Isolation/Sandboxing – This approach provides protection by “roping off” certain high risk applications from the underlying operating system. Individual applications, such as web browsers, office suites, email clients, or other high-risk programs can be shunted to a separate, self-contained processing area (container) within the computing environment so that if a threat is present, it will not have access to other critical system processes. These secure areas typically self-destruct when an infection is detected to return the container to a known good state.

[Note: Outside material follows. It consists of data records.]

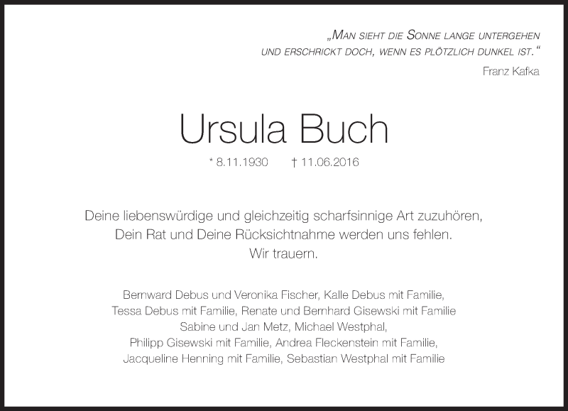 Hier finden Sie alle Traueranzeigen aus der Zeitung, die bisher für Ursula Buch erschienen sind. Weitere Traueranzeigen, die in der Zeitung erscheinen, werden hier ebenfalls aufgelistet
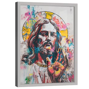 Quadro Decorativo Jesus Grafite Moldura Preta - 150x100cm -
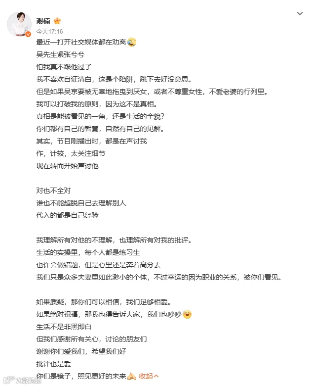 而谢楠此次发文,正是针对这些言论,为吴京正名。谢楠在长文中写道:“其实,节目刚播出时,都是在声讨我‘作’,计较,太关注细节,现在转而开始声讨他,对也不全对,谁也不能超脱自己去理解别人,代入的都是自己的经验。”这一回应展现出很高的生活智慧,也坦诚地向网友展现了他们夫妻的相处之道,而对于争议的声音,谢楠也表明了自己的态度,“我理解所有对他的不理解,也理解所有对我的批评。生活的实操里,每个人都是练习生,也许会做错题,但是心里还是奔着高分去。”

Whitelisting - Whitelisting allows administrators to “lockdown” endpoints so that they will only run approved applications and their supporting dependencies. This type of protection is accomplished by creating an initial system baseline consisting of hashes and application specific fingerprints and comparing all files and programs attempting to run against it. Good and approved applications matching the system baseline will run while unknown ones will be denied the ability to execute. Whitelisting is a strategy to reduce the available attack surface on endpoints.

75% of organizations admitted to being confused by vendor presentations in terms of capabilities, value and overall Vendor messaging*

Conclusion

• Endpoint is a top concern due to an influx of complex and dynamic malware.
• Organizations are bombarded with similar messages in the vendor marketspace.
• When selecting vendors, organizations must understand their most important business and technical requirements. Is it impact on worker productivity, protection regardless of network connectivity, malware protection capabilities, or other factors?
• When evaluating vendors, clarify the terms vendors use to market (“prevent”, “detain”, “contain”, and “visibility”) to ensure an accurate review.
• Review the four approaches to next gen endpoint security.
• If your security team does not have the time, expertise, or resources, utilize an agnostic third party organization to help identify the best endpoint security solution for your environment.

* K logix interviewed 100+ information security professionals in a year-long study.